Examine the noise results.

data(noiseSamples)
data(noiseSweepRes)

noiseFrac <- data.frame(size=rep(sizeNoise, each=length(fracShared)),
                        shared=rep(fracShared, length(sizeNoise)))

outMedians <- lapply(noiseSweepRes, function(inRes){
  tapply(inRes$diff, inRes$class, median)
})
outMedians <- do.call(rbind, outMedians)
outMedians <- cbind(outMedians, noiseFrac)

ggplot(outMedians, aes(x=size, y=hi, color=shared)) + geom_point() + useTheme + ggtitle("Hi Median Difference") + xlab("Noise Added") + ylab("Median Diff.")

ggplot(outMedians, aes(x=size, y=med, color=shared)) + geom_point() + useTheme + ggtitle("Medium Median Difference") + xlab("Noise Added") + ylab("Median Diff.")

ggplot(outMedians, aes(x=size, y=low, color=shared)) + geom_point() + useTheme + ggtitle("Low Median Difference") + xlab("Noise Added") + ylab("Median Diff.")

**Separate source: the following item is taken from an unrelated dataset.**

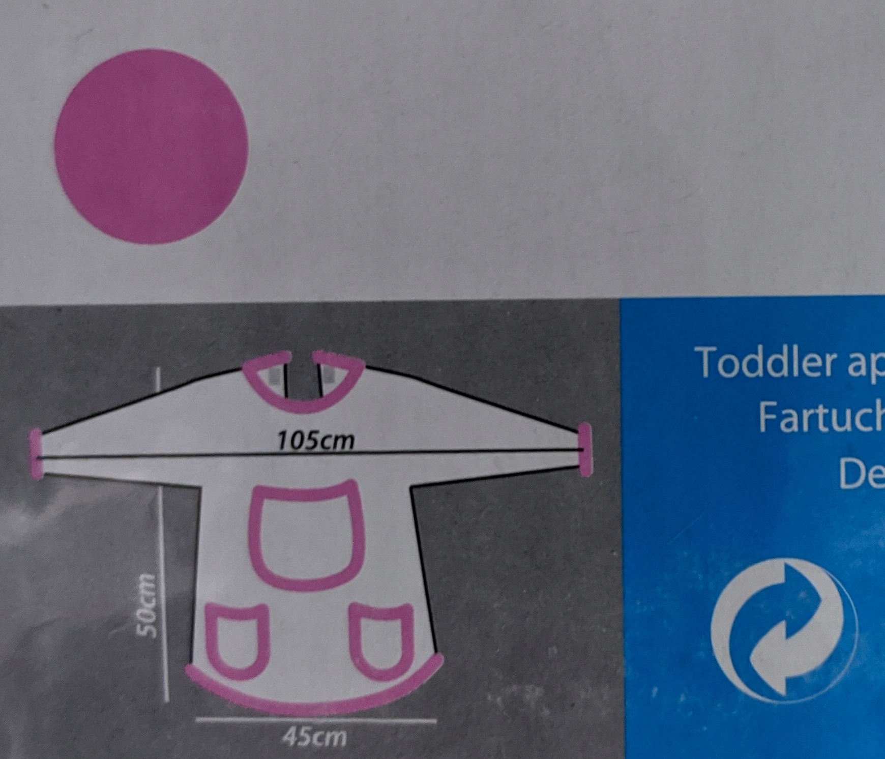 Размеры: 105 см от рукава до рукава, 50 см длина (от плеч до конца фартука) и 45 см ширина внизу
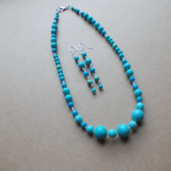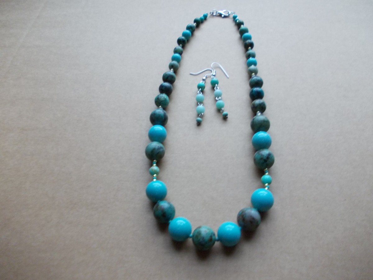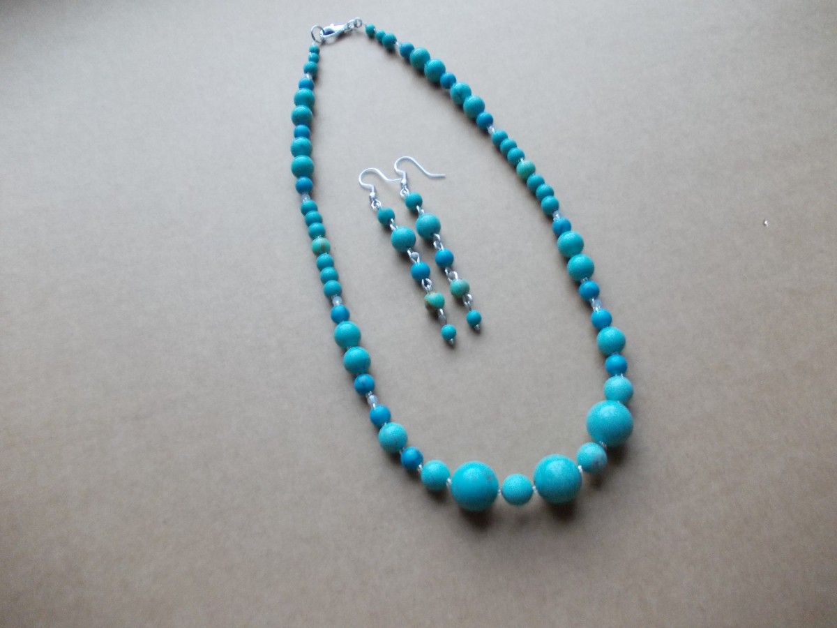 galvenais foto Izmantotas tirkīza pērles 5 mm, 6 mm un 10 mm, zilas tirkīza un tumšas āfrikas tirkīza pērles, 46 cm gara,

outMedians2 <- data.frame(diff=c(outMedians$low, outMedians$med, outMedians$hi), class=c(rep("low", nrow(outMedians)), rep("med", nrow(outMedians)), rep("hi", nrow(outMedians))), size=rep(outMedians$size, 3), shared=rep(outMedians$shared, 3))
outMedians2$class <- factor(outMedians2$class, c("low", "med", "hi"), ordered=TRUE)

p <- ggplot(outMedians2, aes(x=size, y=diff, color=shared)) + geom_point() + useTheme + facet_grid(class ~ ., scales="free_y") + ggtitle("Sample - Combined as a function of size and shared fraction")
p
savePlot(p, "samplecombined_functionSizeFraction.png")

GSEA

Another way to do the analysis is using a Gene Set Enrichment Analysis, or GSEA. In contrast to over-representation analysis, where we count if a group is more highly represented in a group vs the background; GSEA tests if a set of genes are more highly ranked than random sets of genes.

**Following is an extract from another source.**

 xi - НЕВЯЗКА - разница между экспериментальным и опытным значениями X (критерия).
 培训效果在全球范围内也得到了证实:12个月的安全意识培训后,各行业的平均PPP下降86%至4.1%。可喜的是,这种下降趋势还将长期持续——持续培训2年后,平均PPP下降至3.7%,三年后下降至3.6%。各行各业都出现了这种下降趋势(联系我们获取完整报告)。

For a hypothetical example, we are going to use the geneSetTest from limma, because it allows us to test on a set of gene statistics themselves.

Data set up

The sets will be our same GO terms, and we will change the proportion of genes from each GO term that are enhanced above a base value. All genes will be assigned a value from a uniform distribution with a value of 0.5. For each GO term set, some genes will be selected (with an exponential decaying probability for more genes), and assigned p-values from a uniform distribution with a value of 0.01.

For the list version, the p-values of genes will be combined using Fishers method, see the function fishersMethod provided in this package.

Generate Data

We will use the t-values that limma has generated for the ALL data set, and just sample from those.

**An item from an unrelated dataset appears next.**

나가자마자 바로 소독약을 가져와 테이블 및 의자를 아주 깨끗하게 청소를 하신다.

tALL <- topTable(fitALL2, number=Inf)
tALL <- tALL$t[(tALL$t < 10) & (tALL$t > -10)]
tValues <- runif(length(universeGenes), -6, 6)

gseaSamples <- list(s1 = sampleTerms(useGO, hsGO, 1000, 4),
                    s2 = sampleTerms(useGO, hsGO, 1000, 4))

gseaGOFracS1 <- calcFraction(hsGO[useGO], list(s1=gseaSamples[[1]]))

gseaTValues <- sampletValueGenGSEA(gseaSamples, universeGenes, tValues)

Check that we did what we thought. If done right, all of the sample genes should be on one side of the a histogram.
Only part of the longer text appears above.